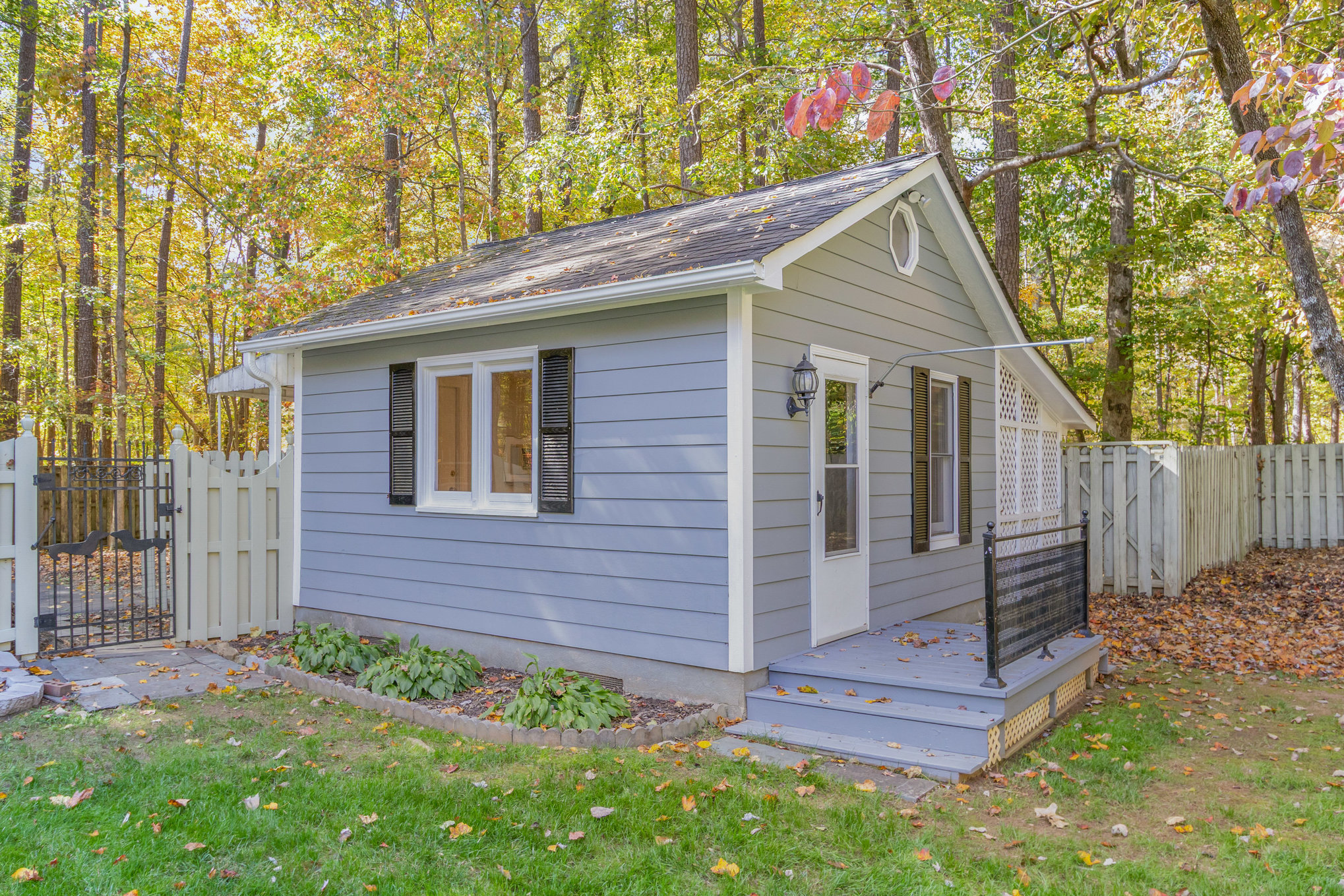 garden area, gazebo, and multiple decks. A detached workshop, with covered
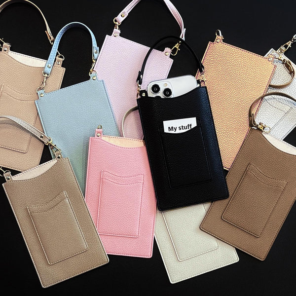 Litchi Texture Card Holder Mobile Phone Bag with Short Strap(Light Pink)
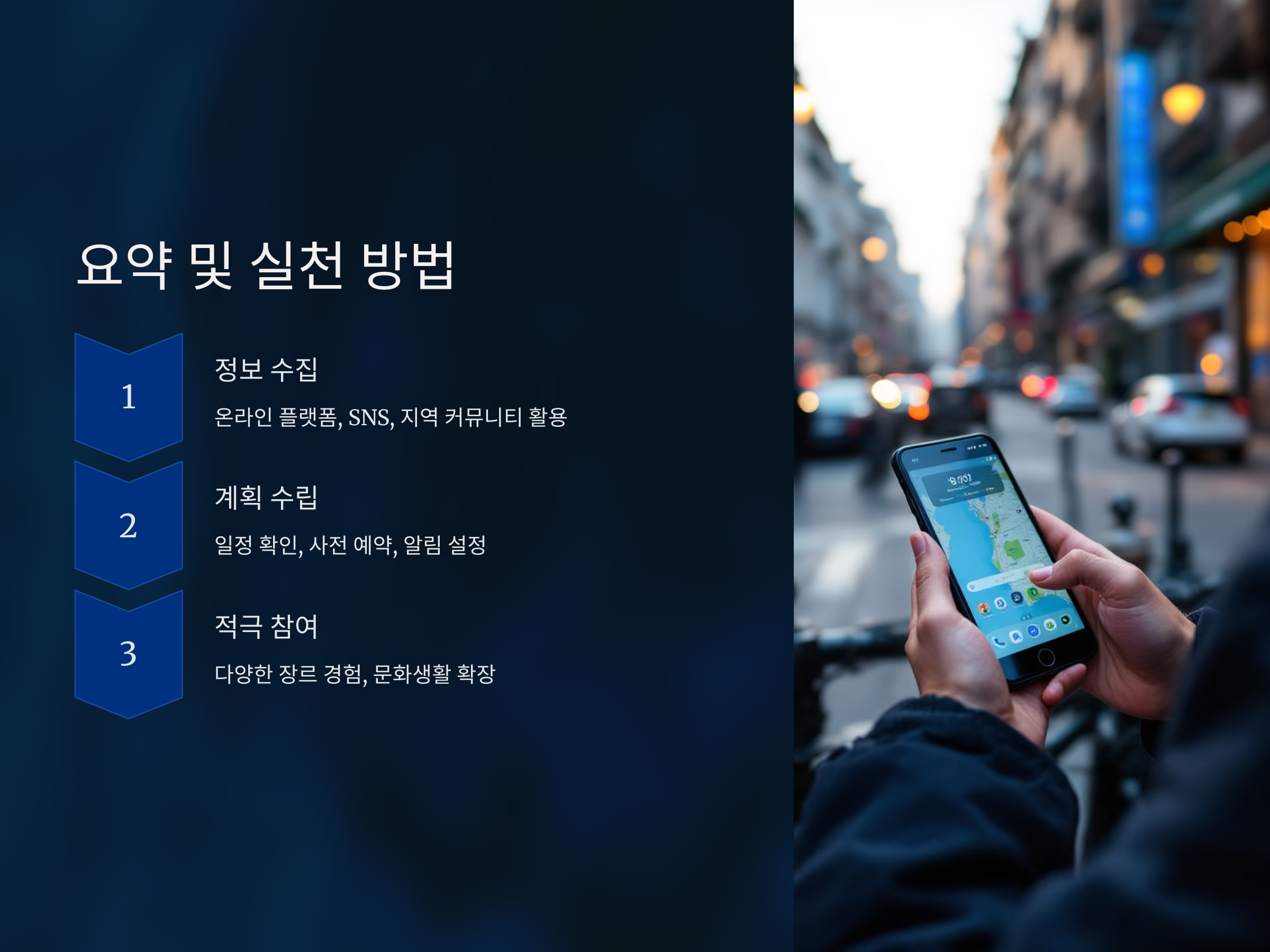 특히, Instagram에서는 해시태그를 활용해 지역별 또는 특정 장르의 무료 공연을 검색할 수 있습니다. 예를 들어, #서울무료전시, #무료공연 등으로 검색하면 해당 지역이나 이벤트에 대한 정보를 쉽게 찾을 수 있습니다. 또한, 커뮤니티 카페나 포털 사이트의 문화 관련 게시판에서 무료 행사 정보를 공유하는 경우도 많으므로 이러한 온라인 커뮤니티도 적극 활용하는 것이 좋습니다.

- _Problem_
Pictures are to be omitted from the copy, and only the lines from the one containing "Litchi Texture Card" through the final line of the listing above are to be written out exactly.

- _Written solution_
 Litchi Texture Card Holder Mobile Phone Bag with Short Strap(Light Pink)
 특히, Instagram에서는 해시태그를 활용해 지역별 또는 특정 장르의 무료 공연을 검색할 수 있습니다. 예를 들어, #서울무료전시, #무료공연 등으로 검색하면 해당 지역이나 이벤트에 대한 정보를 쉽게 찾을 수 있습니다. 또한, 커뮤니티 카페나 포털 사이트의 문화 관련 게시판에서 무료 행사 정보를 공유하는 경우도 많으므로 이러한 온라인 커뮤니티도 적극 활용하는 것이 좋습니다.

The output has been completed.